→ Description of the task
Your copy of the data should match it exactly, except that the pictures are gone.

(Source records)
------------------------------------------------------------------------

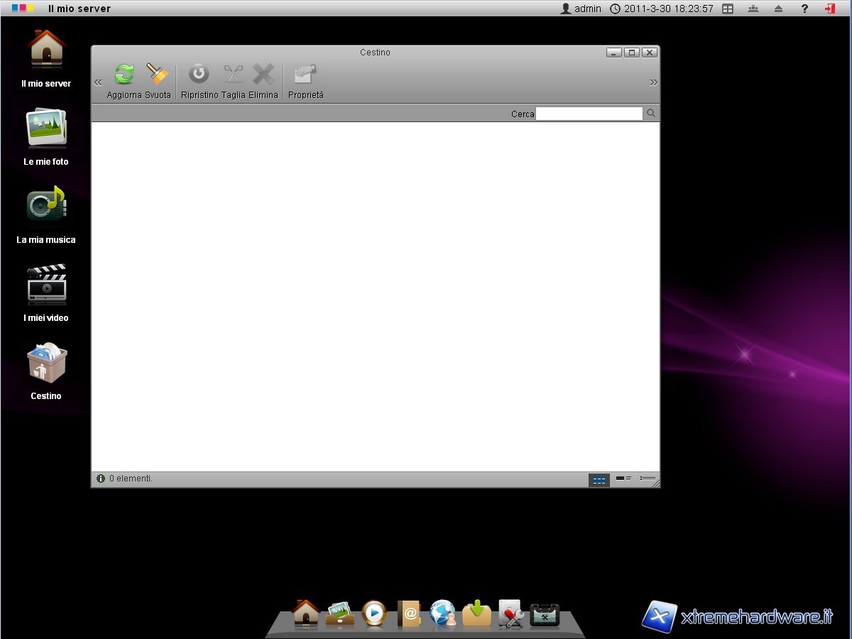 Questa è l’ultima icona che troviamo sul desktop del manager del nostro NAS RaidSonic. Come per tutti i sistemi operativi, cliccando due volte sull’icona del cestino possiamo guardarne il contenuto da eliminare; basterà premere il tasto “svuota” per eliminarne il contenuto.
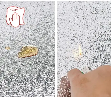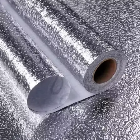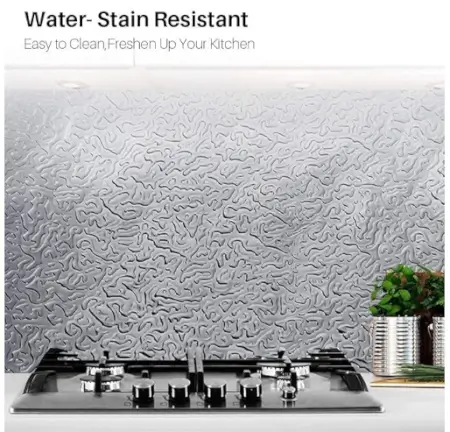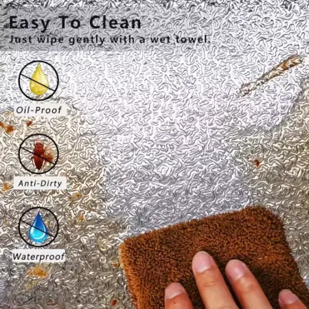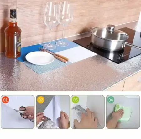 Self-adhesive waterproof aluminium foil kitchen sticker ideal for backsplash and stove walls. Heat and oil resistant.
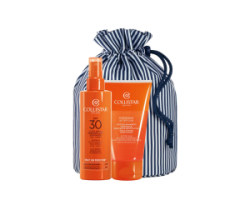 La pratica trousse in plastica 100% riciclata dal design essenziale è abbinata ai Solari Collistar più amati. Scegli la tua combinazione preferita tra le proposte e sentiti glamour anche in vacanza!
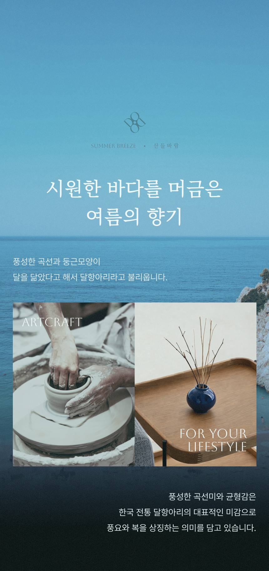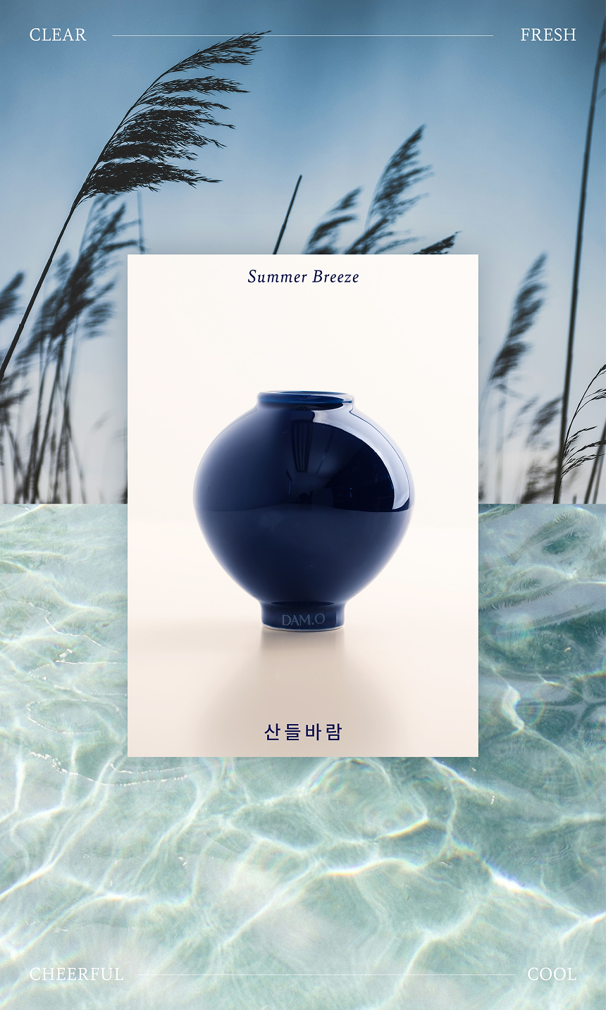 청량한 오방색 파랑을 담은 달항아리, 산들바람향은
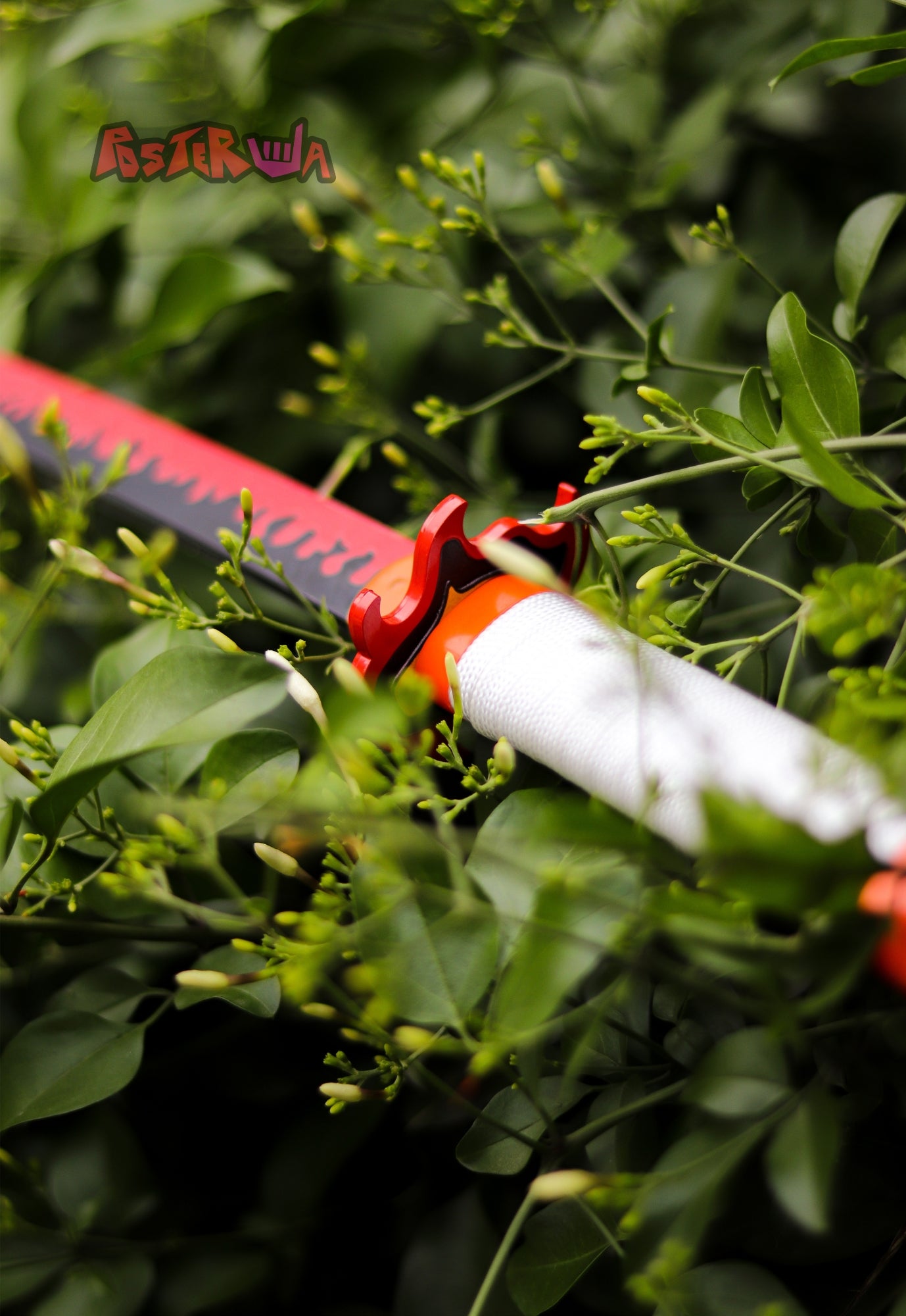 True-to-Anime Detailing – Black spine with a scorched-scarlet hamon, crisp 「惡鬼滅殺」 engraving, and that unmistakable flame-shaped tsuba in molten orange-red.
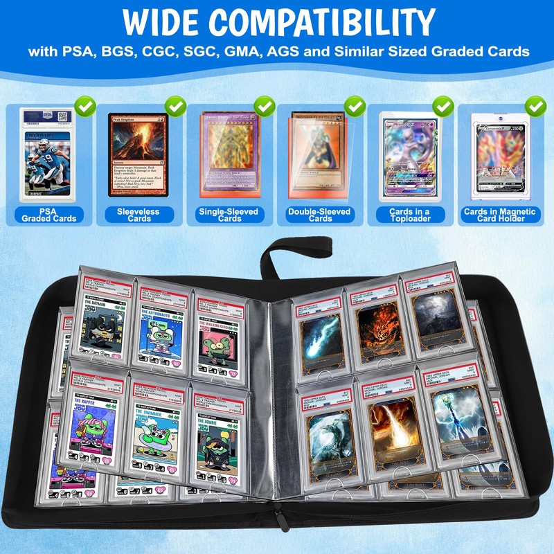 - ✅️【COMPREHENSIVE PROTECTION】The high-quality zipper of our trading card binder shell protects the graded cards and keeps them intact when not in use. Each pocket inside our card binder is designed with a dust cover, and there is a small hole at the bottom of the pocket, which is very convenient for you to take out the graded cards!
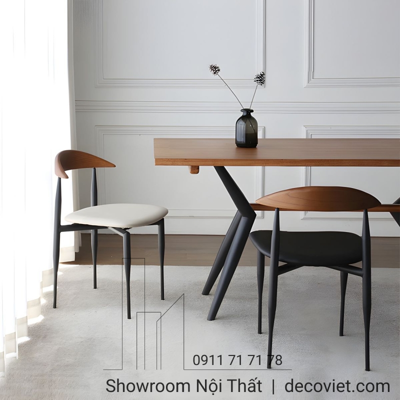 Giá thành và độ bền sản phẩm hầu như được quyết định bởi vật liệu làm ghế ăn. Trên thị trường hiện nay có nhiều sự lựa chọn về chất liệu ghế ăn, một trong số đó là chân ghế từ gỗ và chân sắt được bọc lớp đệm và da êm ái. Mỗi vật liệu ghế ăn đều có ưu điểm phù hợp với nhu cầu khác nhau, vậy nên lựa chọn của mỗi người là không giống nhau. Do đó, nếu bạn yêu thích chất liệu ghế ăn nào hãy liên hệ ngay với DecoViet để được chúng tôi tư vấn kiểu dáng ghế ăn phù hợp nhất!
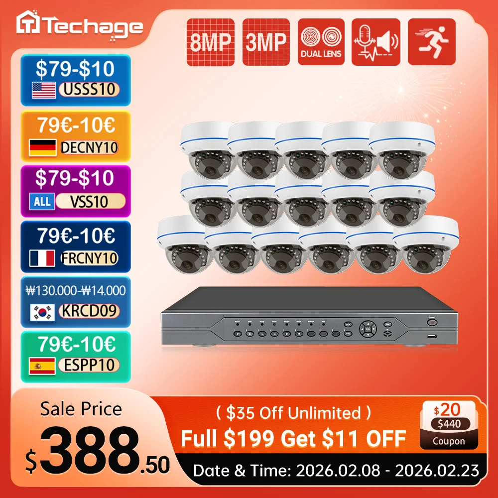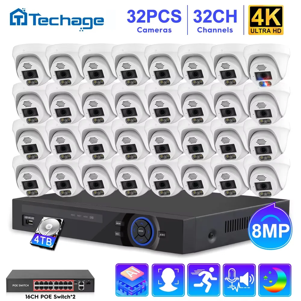 Techage 32CH NVR 4K POE biztonsági camer Rendszer 8MP 5MP AI arca detekci Két Mód Hang CCTV videó Őrzés beállítása XMEYE kits
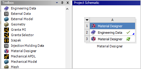 In the project schematic in Workbench, add an Engineering Data component system and link the Material Designer cell to the Engineering Data cell.

------------------------------------------------------------------------

→ Solution below
 Questa è l’ultima icona che troviamo sul desktop del manager del nostro NAS RaidSonic. Come per tutti i sistemi operativi, cliccando due volte sull’icona del cestino possiamo guardarne il contenuto da eliminare; basterà premere il tasto “svuota” per eliminarne il contenuto.
 Self-adhesive waterproof aluminium foil kitchen sticker ideal for backsplash and stove walls. Heat and oil resistant.
 La pratica trousse in plastica 100% riciclata dal design essenziale è abbinata ai Solari Collistar più amati. Scegli la tua combinazione preferita tra le proposte e sentiti glamour anche in vacanza!
 청량한 오방색 파랑을 담은 달항아리, 산들바람향은
 True-to-Anime Detailing – Black spine with a scorched-scarlet hamon, crisp 「惡鬼滅殺」 engraving, and that unmistakable flame-shaped tsuba in molten orange-red.
 - ✅️【COMPREHENSIVE PROTECTION】The high-quality zipper of our trading card binder shell protects the graded cards and keeps them intact when not in use. Each pocket inside our card binder is designed with a dust cover, and there is a small hole at the bottom of the pocket, which is very convenient for you to take out the graded cards!
 Giá thành và độ bền sản phẩm hầu như được quyết định bởi vật liệu làm ghế ăn. Trên thị trường hiện nay có nhiều sự lựa chọn về chất liệu ghế ăn, một trong số đó là chân ghế từ gỗ và chân sắt được bọc lớp đệm và da êm ái. Mỗi vật liệu ghế ăn đều có ưu điểm phù hợp với nhu cầu khác nhau, vậy nên lựa chọn của mỗi người là không giống nhau. Do đó, nếu bạn yêu thích chất liệu ghế ăn nào hãy liên hệ ngay với DecoViet để được chúng tôi tư vấn kiểu dáng ghế ăn phù hợp nhất!
 Techage 32CH NVR 4K POE biztonsági camer Rendszer 8MP 5MP AI arca detekci Két Mód Hang CCTV videó Őrzés beállítása XMEYE kits
 In the project schematic in Workbench, add an Engineering Data component system and link the Material Designer cell to the Engineering Data cell.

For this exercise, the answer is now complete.